Brincar na natureza ajuda a regular emoções
Brincar, um direito da criança consagrado nos direitos das mesmas, deve “em idades precoces ser aquilo que fazem além das necessidades básicas”, destaca a psicóloga, explicando que é natural que à medida que a criança cresce o tempo de brincadeira vá diminuindo e aconteça de forma mais estruturada. “A brincadeira não tem contra-indicações” e a forma como acontece traz ensinamentos distintos. “Brincar sozinho ensina competências como a tolerância, a frustração, o resolver sozinho, e melhora a auto-estima. Em grupo trabalham-se normas sociais, o respeito pelo outro, a noção de que existo eu e outros; brincar com o adulto beneficia a vinculação e o efeito espelho, de estar a aprender. Todas são importantes”, afirma.

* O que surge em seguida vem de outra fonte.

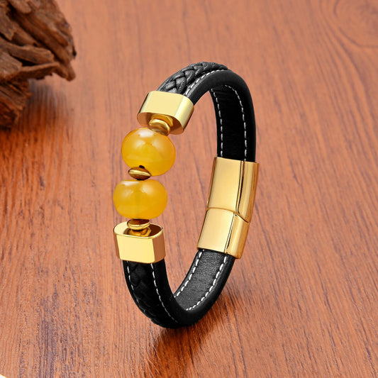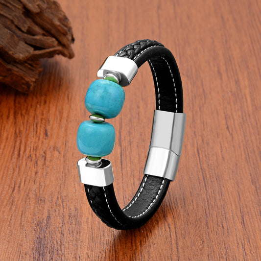 Stone Beaded Stainless Steel Buckle Leather Bracelet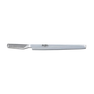 The Global 12-Inch Tako Sashimi Knife is designed for precise, ultra-thin slicing of sashimi, octopus, and other delicate seafood. Made in Japan from Cromova 18 stainless steel, the long, narrow blade is ice-tempered for exceptional sharpness and edge retention. The dimpled Global handle provides a secure, balanced grip, making this knife ideal for sushi chefs and enthusiasts.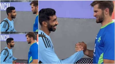 मुंबई : भारत विरुद्ध पाकिस्तान यांच्यातील सुपर 4 फेरीतील सामना पावसामुळे रद्द करण्यात आला आहे. आता हा सामना राखीव दिवशी खेळवला जाणार आहे. सामना रद्द झाल्यानंतर मैदानात जसप्रीत बुमराह आणि शाहिन शाह आफ्रिदी यांची भेट झाली. जसप्रीत बुमराह वडील झाल्याने त्याला शुभेच्छा देण्यासाठी शाहिन शाह आफ्रिदी आला होता. इतकंच काय तर यावेळी त्याने जसप्रीत बुमराह याला भेटवस्तू दिली. यावेळी शाहीनने त्याला अनोख्या शुभेच्छा दिल्या. जसप्रीत बुमराह आणि पत्नी संजना गणेशन यांना 4 सप्टेंबर रोजी पुत्ररत्न प्राप्त झालं आहे. तसेच मुलाचं नाव अंगद असं ठेवलं आहे.
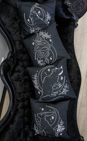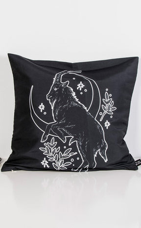 This beautiful cushion cover features Mendes moon bathing among the leaves, ready to assist you in spellcraft and relaxation. Lay him on your couch or bed to bewitch your guests and add a touch of nature to your home.

O trabalho “Portugal a Brincar II – 2022”, que teve por base um inquérito a mais de 1.600 famílias com crianças até aos 10 anos, demonstrou que a casa é o principal local de brincadeira fora da escola e que se brinca, cada vez menos, ao ar livre. A conclusão não surpreende Beatriz Dias. “As crianças estão cada vez mais fechadas em casa, brincam menos e estão mais paradas. Percebo que hoje se coloca a questão da segurança, mas brincar na natureza é fundamental para a criança, é um regulador emocional excelente que oferece aprendizagens sociais. Trepar a uma árvore é perceber o que se faz com o corpo, saber que se não se agarrar vai cair. E quando colocamos as crianças em casa perdemos esses benefícios. É importante voltarmos a investir mais na brincadeira ao ar livre”, defende.

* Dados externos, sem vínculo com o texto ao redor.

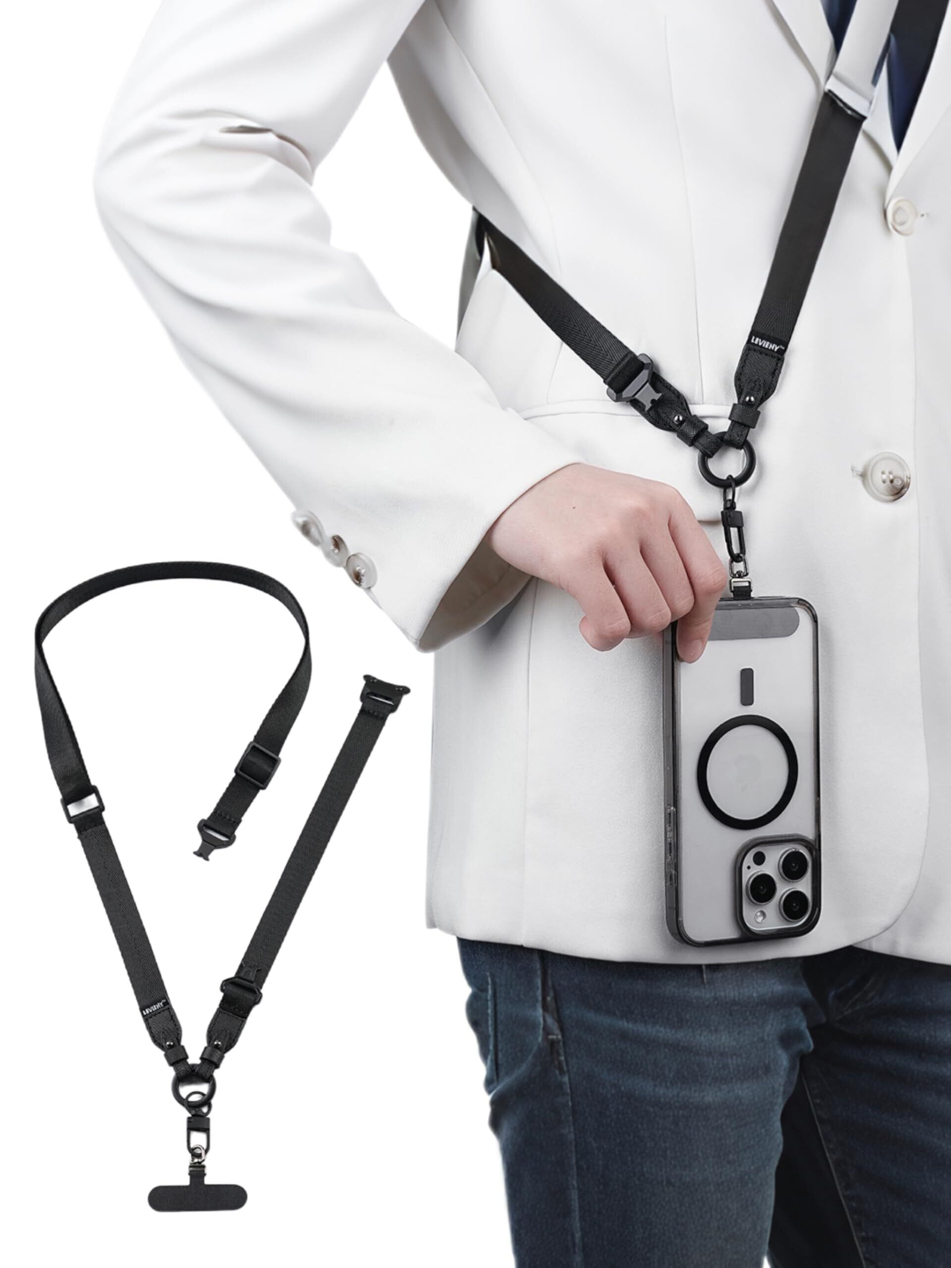 [Levieny] スマホ ストラップ (多用途・丈夫さ) 手首掛け/斜めがけ/首掛け 多用途ネックストラップ 360°回転可能&二段式取り付け設計 材料 2025新開発【金属バックル】 スリ対策/防水/落下紛失防止 ナイロン製長さ調節可能 日常/スポーツ/登山/釣り対応 iPhone&Android全機種対応

Ecrãs e tecnologias são um obstáculo ao brincar

Embora Beatriz Dias não considere que sejam um “vilão”, porque efectivamente oferecem vantagens, “os ecrãs e as tecnologias estão a ser um obstáculo” ao brincar. “Estão a substituir aprendizagens importantes para a construção neurológica, porque o ecrã é um estímulo rápido e previsível. As crianças ficam a assistir, passivas, não envolve imaginação nem esforço”. E quanto maior for a oferta, alerta, maior será a solicitação. “Se temos um adulto constantemente com o telemóvel na mão, é natural que a criança queira ver, mexer”. O ideal, diz, é que os cuidadores saibam fazer uma utilização regrada e que o deixem de lado para brincar com as crianças.